_Your assignment_
In the records below, find the line with "NAVAJO(ナバホ)族 Freddie Maloney作" and the line with "análise. | |"; return exactly those lines and every line between them.

_Data listing_
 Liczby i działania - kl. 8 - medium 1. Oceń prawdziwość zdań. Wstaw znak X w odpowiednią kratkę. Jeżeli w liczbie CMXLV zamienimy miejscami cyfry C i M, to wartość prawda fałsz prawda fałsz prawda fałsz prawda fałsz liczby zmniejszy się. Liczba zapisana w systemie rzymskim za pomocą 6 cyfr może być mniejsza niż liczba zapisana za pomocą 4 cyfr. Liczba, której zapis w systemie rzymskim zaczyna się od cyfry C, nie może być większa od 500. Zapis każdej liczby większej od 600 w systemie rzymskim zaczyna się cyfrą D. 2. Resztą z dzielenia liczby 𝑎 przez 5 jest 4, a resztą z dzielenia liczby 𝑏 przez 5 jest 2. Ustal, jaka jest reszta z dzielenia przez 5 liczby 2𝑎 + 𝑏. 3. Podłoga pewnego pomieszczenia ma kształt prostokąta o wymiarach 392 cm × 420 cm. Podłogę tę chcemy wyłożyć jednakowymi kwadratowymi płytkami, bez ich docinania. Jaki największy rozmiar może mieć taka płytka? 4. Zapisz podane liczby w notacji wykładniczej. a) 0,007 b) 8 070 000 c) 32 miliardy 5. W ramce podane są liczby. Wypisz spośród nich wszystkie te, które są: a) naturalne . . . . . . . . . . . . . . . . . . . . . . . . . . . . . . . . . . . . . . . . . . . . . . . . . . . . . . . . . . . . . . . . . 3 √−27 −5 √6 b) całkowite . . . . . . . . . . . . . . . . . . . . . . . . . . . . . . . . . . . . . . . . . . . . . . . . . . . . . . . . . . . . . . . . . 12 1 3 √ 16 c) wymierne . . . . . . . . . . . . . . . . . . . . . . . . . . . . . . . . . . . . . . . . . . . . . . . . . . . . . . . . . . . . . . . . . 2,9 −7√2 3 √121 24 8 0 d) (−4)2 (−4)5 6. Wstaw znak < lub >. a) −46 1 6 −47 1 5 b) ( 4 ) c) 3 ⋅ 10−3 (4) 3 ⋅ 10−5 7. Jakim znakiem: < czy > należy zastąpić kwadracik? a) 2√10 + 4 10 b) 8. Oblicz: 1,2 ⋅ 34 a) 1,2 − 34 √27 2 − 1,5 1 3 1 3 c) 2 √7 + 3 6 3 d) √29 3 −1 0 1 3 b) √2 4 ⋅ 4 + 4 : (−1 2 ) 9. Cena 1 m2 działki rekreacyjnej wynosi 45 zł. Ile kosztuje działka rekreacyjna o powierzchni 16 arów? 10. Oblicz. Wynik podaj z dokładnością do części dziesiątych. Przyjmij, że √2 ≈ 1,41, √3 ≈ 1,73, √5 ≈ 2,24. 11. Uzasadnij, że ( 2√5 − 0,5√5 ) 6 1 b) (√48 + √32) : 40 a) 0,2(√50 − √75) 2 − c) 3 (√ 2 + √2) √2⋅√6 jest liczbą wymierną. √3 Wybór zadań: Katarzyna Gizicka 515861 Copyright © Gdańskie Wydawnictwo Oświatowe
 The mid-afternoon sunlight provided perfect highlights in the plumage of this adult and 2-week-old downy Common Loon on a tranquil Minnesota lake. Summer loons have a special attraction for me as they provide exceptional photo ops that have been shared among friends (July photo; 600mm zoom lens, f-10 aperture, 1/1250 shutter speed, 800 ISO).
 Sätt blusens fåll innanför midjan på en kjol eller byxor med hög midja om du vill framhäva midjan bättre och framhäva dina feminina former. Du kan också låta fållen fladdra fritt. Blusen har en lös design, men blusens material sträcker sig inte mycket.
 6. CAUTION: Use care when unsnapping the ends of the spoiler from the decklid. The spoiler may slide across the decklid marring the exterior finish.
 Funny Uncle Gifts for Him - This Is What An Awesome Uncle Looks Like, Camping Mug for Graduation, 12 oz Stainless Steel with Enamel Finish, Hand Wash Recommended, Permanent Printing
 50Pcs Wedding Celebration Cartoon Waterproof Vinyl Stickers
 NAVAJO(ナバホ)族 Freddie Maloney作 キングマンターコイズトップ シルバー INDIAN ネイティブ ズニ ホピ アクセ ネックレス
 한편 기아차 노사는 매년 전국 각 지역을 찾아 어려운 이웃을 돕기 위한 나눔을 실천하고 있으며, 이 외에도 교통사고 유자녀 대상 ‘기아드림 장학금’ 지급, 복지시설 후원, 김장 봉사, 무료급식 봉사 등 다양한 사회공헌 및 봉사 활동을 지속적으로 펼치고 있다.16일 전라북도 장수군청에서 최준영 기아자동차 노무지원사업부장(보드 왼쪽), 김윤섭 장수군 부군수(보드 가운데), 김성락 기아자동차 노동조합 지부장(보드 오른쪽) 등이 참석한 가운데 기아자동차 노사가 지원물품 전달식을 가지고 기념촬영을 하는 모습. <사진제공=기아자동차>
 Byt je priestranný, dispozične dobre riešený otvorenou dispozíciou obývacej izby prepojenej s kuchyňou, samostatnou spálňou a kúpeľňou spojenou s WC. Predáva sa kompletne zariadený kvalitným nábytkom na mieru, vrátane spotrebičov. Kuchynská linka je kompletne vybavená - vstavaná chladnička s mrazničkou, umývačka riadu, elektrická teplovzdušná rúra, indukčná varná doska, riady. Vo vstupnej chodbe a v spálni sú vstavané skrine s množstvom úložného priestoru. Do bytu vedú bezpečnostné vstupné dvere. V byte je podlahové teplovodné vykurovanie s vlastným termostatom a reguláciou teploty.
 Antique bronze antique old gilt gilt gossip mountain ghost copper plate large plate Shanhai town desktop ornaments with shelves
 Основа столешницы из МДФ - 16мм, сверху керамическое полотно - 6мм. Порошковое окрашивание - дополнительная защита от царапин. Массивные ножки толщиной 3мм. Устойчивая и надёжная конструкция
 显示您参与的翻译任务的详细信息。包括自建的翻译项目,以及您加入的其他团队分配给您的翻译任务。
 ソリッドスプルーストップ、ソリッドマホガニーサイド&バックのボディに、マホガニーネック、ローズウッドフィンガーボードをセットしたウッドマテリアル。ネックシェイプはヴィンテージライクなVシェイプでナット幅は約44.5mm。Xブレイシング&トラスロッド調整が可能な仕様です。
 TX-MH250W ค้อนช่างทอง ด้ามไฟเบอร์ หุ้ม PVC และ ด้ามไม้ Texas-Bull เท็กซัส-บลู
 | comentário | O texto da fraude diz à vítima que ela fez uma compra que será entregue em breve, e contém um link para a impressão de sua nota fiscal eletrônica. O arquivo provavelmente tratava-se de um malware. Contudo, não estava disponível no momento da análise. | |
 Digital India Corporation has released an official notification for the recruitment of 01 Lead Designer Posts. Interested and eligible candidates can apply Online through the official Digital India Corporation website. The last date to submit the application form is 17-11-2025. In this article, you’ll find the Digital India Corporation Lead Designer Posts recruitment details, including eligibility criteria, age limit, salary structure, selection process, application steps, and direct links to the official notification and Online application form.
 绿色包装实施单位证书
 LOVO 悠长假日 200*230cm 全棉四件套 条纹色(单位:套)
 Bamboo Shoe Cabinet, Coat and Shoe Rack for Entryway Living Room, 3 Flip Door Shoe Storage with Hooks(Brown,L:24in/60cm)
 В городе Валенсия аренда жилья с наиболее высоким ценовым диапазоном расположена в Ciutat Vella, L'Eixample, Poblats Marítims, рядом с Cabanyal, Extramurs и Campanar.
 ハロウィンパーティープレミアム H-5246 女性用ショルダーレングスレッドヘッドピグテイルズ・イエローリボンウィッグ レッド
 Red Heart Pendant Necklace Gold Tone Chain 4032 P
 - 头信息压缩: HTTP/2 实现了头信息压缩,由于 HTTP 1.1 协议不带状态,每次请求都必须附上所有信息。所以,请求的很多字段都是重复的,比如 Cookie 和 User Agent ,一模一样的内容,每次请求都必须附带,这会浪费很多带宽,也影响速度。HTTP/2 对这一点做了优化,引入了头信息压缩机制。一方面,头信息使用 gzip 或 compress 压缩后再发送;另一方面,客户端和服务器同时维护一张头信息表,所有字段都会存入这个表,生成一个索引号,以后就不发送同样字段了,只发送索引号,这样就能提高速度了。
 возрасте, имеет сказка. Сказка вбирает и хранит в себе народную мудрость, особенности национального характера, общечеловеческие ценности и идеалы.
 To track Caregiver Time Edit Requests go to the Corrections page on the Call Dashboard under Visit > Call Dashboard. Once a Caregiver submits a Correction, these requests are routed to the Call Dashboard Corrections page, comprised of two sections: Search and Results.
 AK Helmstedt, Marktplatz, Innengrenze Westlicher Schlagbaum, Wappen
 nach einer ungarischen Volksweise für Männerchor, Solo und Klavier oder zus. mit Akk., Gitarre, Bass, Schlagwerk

_Task solution_
 NAVAJO(ナバホ)族 Freddie Maloney作 キングマンターコイズトップ シルバー INDIAN ネイティブ ズニ ホピ アクセ ネックレス
 한편 기아차 노사는 매년 전국 각 지역을 찾아 어려운 이웃을 돕기 위한 나눔을 실천하고 있으며, 이 외에도 교통사고 유자녀 대상 ‘기아드림 장학금’ 지급, 복지시설 후원, 김장 봉사, 무료급식 봉사 등 다양한 사회공헌 및 봉사 활동을 지속적으로 펼치고 있다.16일 전라북도 장수군청에서 최준영 기아자동차 노무지원사업부장(보드 왼쪽), 김윤섭 장수군 부군수(보드 가운데), 김성락 기아자동차 노동조합 지부장(보드 오른쪽) 등이 참석한 가운데 기아자동차 노사가 지원물품 전달식을 가지고 기념촬영을 하는 모습. <사진제공=기아자동차>
 Byt je priestranný, dispozične dobre riešený otvorenou dispozíciou obývacej izby prepojenej s kuchyňou, samostatnou spálňou a kúpeľňou spojenou s WC. Predáva sa kompletne zariadený kvalitným nábytkom na mieru, vrátane spotrebičov. Kuchynská linka je kompletne vybavená - vstavaná chladnička s mrazničkou, umývačka riadu, elektrická teplovzdušná rúra, indukčná varná doska, riady. Vo vstupnej chodbe a v spálni sú vstavané skrine s množstvom úložného priestoru. Do bytu vedú bezpečnostné vstupné dvere. V byte je podlahové teplovodné vykurovanie s vlastným termostatom a reguláciou teploty.
 Antique bronze antique old gilt gilt gossip mountain ghost copper plate large plate Shanhai town desktop ornaments with shelves
 Основа столешницы из МДФ - 16мм, сверху керамическое полотно - 6мм. Порошковое окрашивание - дополнительная защита от царапин. Массивные ножки толщиной 3мм. Устойчивая и надёжная конструкция
 显示您参与的翻译任务的详细信息。包括自建的翻译项目,以及您加入的其他团队分配给您的翻译任务。
 ソリッドスプルーストップ、ソリッドマホガニーサイド&バックのボディに、マホガニーネック、ローズウッドフィンガーボードをセットしたウッドマテリアル。ネックシェイプはヴィンテージライクなVシェイプでナット幅は約44.5mm。Xブレイシング&トラスロッド調整が可能な仕様です。
 TX-MH250W ค้อนช่างทอง ด้ามไฟเบอร์ หุ้ม PVC และ ด้ามไม้ Texas-Bull เท็กซัส-บลู
 | comentário | O texto da fraude diz à vítima que ela fez uma compra que será entregue em breve, e contém um link para a impressão de sua nota fiscal eletrônica. O arquivo provavelmente tratava-se de um malware. Contudo, não estava disponível no momento da análise. | |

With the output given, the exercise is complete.